Overview

  • Djibouti is a small country in which more than 23% of the population lives in extreme poverty. With less than 1,000 km2 of arable land (0.04% of 23,200 km2) and an average annual rainfall of 5.1 inches, Djibouti has a chronic food deficit and is totally dependent on imports to meet its food needs. As such, it is highly sensitive to external shocks such as spikes in food and fuel prices and natural disasters such as floods and droughts. Djibouti’s economy is dependent on foreign financing, Foreign Direct Investments, rents from foreign countries’ military bases, and port services, which capitalize on both the strategic position at the southern entrance to the Red Sea and as Ethiopia’s main import-export route.

    Port activities, transport service, and constructions are the driving force of growth. GDP growth is estimated at 6.5 percent in 2016, primarily driven by transport activities, continued capital-intensive activities in port development, and the constructions of the railway to Ethiopia and a new free zone (that was inaugurated on January 3, 2017). Inflation accelerated up to 3.5 percent in 2016 from 2.6 percent in 2015, spurred mainly by demand for housing and services. Fiscal and external deficits are estimated to have improved in 2016, respectively to 15.7 percent of GDP in 2016, from 21.9 percent in 2015 and to 105 percent of GDP in 2016, from 120 percent in 2015, given the softening of capital expenditures and related imports, as the infrastructure projects near completion. FDI remained strong in 2016, estimated at 9.1 percent of GDP, compared to 7.2 percent in 2015, stimulated by industrial development in the new free zone and operations of the newly constructed railway. The banking sector remained weak with deteriorating loan portfolio of commercial banks and rising nonperforming loans (NPLs). The ratio of NPLs to total loans increased from 14 percent in 2013 to 23 percent in 2016. The authorities attribute this to the introduction of stricter loan classification requirements. Nevertheless, foreign reserves remain sufficient for broad money and currency board coverage.

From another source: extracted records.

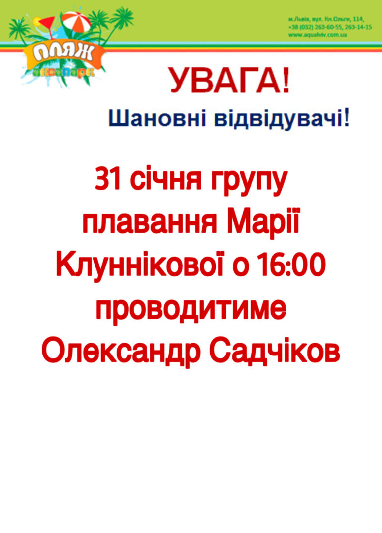 Запрошуємо у ЄДИНИЙ Аквапарк «ПЛЯЖ» у Львові!
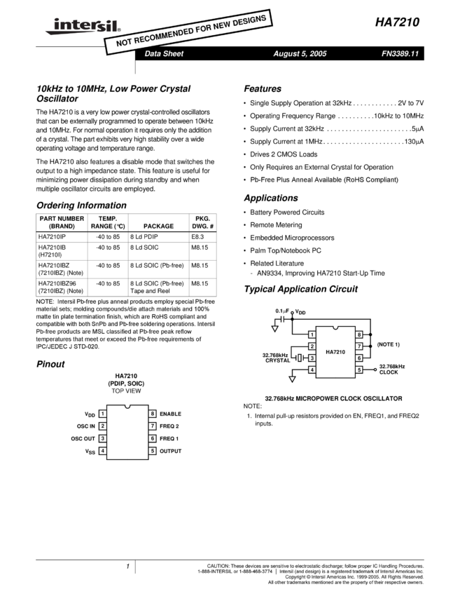 10kHz to 10MHz, Low Power Crystal Oscillator
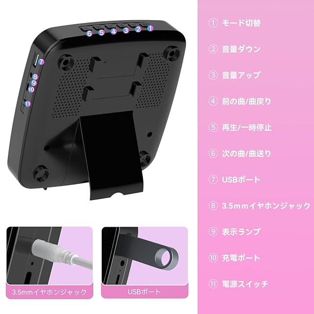 【4つ再生モード&様々な場所に適用】全曲リピート/1曲リピート/ランダム再生/順番再生の4つのプレイ・モードに加え、本CDプレーヤーは、子供や語学学習者の言語学習に最適なA-Bリピート機能も備えています。更に、付属のUSBケーブルでコンピューター、USBアダプター、ポータブルバッテリーに簡単に接続して給電でき、お部屋、キャンプ・パーティー、子供向け教育や胎児教育、贈り物、喫茶店など多くなシーンに適用されます。
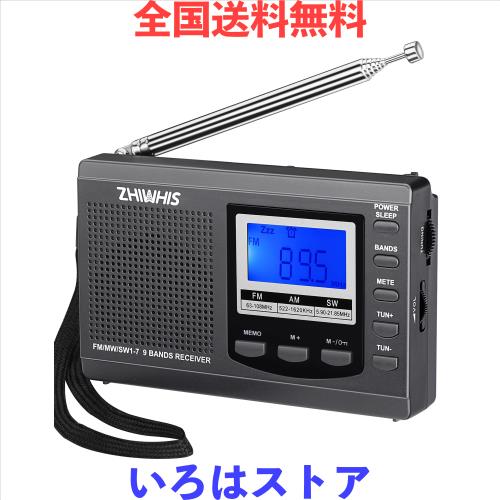 ZHIWHIS ラジオ 小型ポータブル FM/AM/SW ワイドfm対応 高感度クロック防災ラジオ 電池式 タイマー/目覚まし時計/デジタル時計/キーロッ
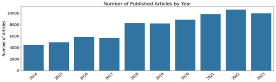 Our analysis employed a two-layered approach, enhanced by Python scripting for precision and efficiency. Initially, we categorized articles based on keywords like ‘power distribution grid’ and ‘distribution network’, supplemented with domain-specific terms: ‘planning’, ‘operation’, and ‘market’. To ensure the integrity and uniqueness of our dataset, we rigorously removed duplicate papers that appeared across categories. Following the keyword analysis, we examined the temporal distribution of these articles to capture the evolving focus on digitalization over the past decade. This investigation highlights an increasing trend for research publications on this subject, indicative of the escalating integration and significance of digital technologies in this field. Figure 1 illustrates the annual number of publications in this area from 2014 through to 2023, revealing that research interest has more than doubled over the past decade.
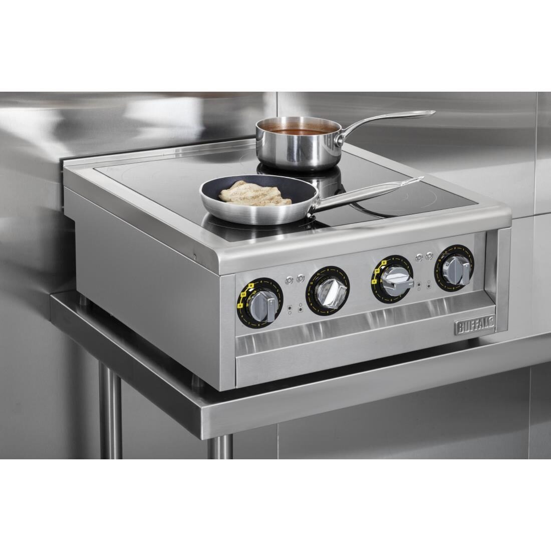 De efficiënte en effectieve inductiekookplaat met vier zones uit de Buffalo 600-serie is een fantastische oplossing voor professionele keukens die de energierekening willen verlagen zonder concessies te doen aan de betrouwbaarheid of het vermogen. De Buffalo inductiekookplaat is ontworpen voor betrouwbare dagelijkse prestaties en beschikt over vier robuuste kookzones met elk 11 vermogensniveaus, waardoor u nauwkeurig kunt koken, braden, sudderen en sauteren. De kookplaat beschikt ook over een boostfunctie, waardoor je nog meer vermogen krijgt wanneer je dat het meest nodig hebt. Misschien wel een van de meest indrukwekkende kenmerken van de inductiekookplaat uit de Buffalo 600-serie is de efficiëntie. De kookplaat uit de 600-serie is tot 70% efficiënter dan traditionele gaskookplaten en kanaliseert meer energie rechtstreeks naar het kookproces, waardoor snelle opwarmtijden worden gerealiseerd zonder vlammen of gloeiend hete elementen. Bovendien, naarmate er meer energie in het koken wordt gestoken, ontsnapt er minder warmte naar de keuken, waardoor de belasting van uw ventilatiesysteem afneemt en een comfortabelere werkomgeving ontstaat. Zodra het onderhoud voorbij is, is het apparaat moeiteloos schoon te maken, dankzij de constructie van sterk roestvrij staal en gehard keramisch glas. En als onderdeel van de Buffalo 600-serie is deze inductiekookplaat ontworpen om te combineren met andere apparaten uit de 600-serie, waardoor u een nette, naadloze kooklijn krijgt, ongeacht de grootte van uw keuken. Deze kookplaat kan worden gebruikt als aanrechtapparaat of op 600 mm brede kasten uit de 600-serie worden geplaatst (apart verkrijgbaar).

    Poverty and unemployment remain a big concern in Djibouti. The most recent national extreme poverty rate was 23 percent in 2013, with rural areas showing higher rates (44 percent). Unemployment remains widespread with the rate reaching 39 percent in 2015 according to official estimates. The rate is higher among women (49 percent) and in rural areas (59 percent). Meanwhile, the labor force participation rate is less than 25 percent. 

    Last Updated: Apr 01, 2017

  • The 2014-2017 Country Partnership Strategy combines the resources and expertise of the International Development Association (IDA), International Finance Corporation (IFC), and the Multilateral Investment Guarantee Agency (MIGA). The Strategy supports the government’s vision 2035 to reduce extreme poverty and build the foundations for shared growth by harnessing the country’s human and economic potential. It rests on two pillars—reducing vulnerability and strengthening the business environment—while focusing on institutional strengthening and gender as cross-cutting themes.  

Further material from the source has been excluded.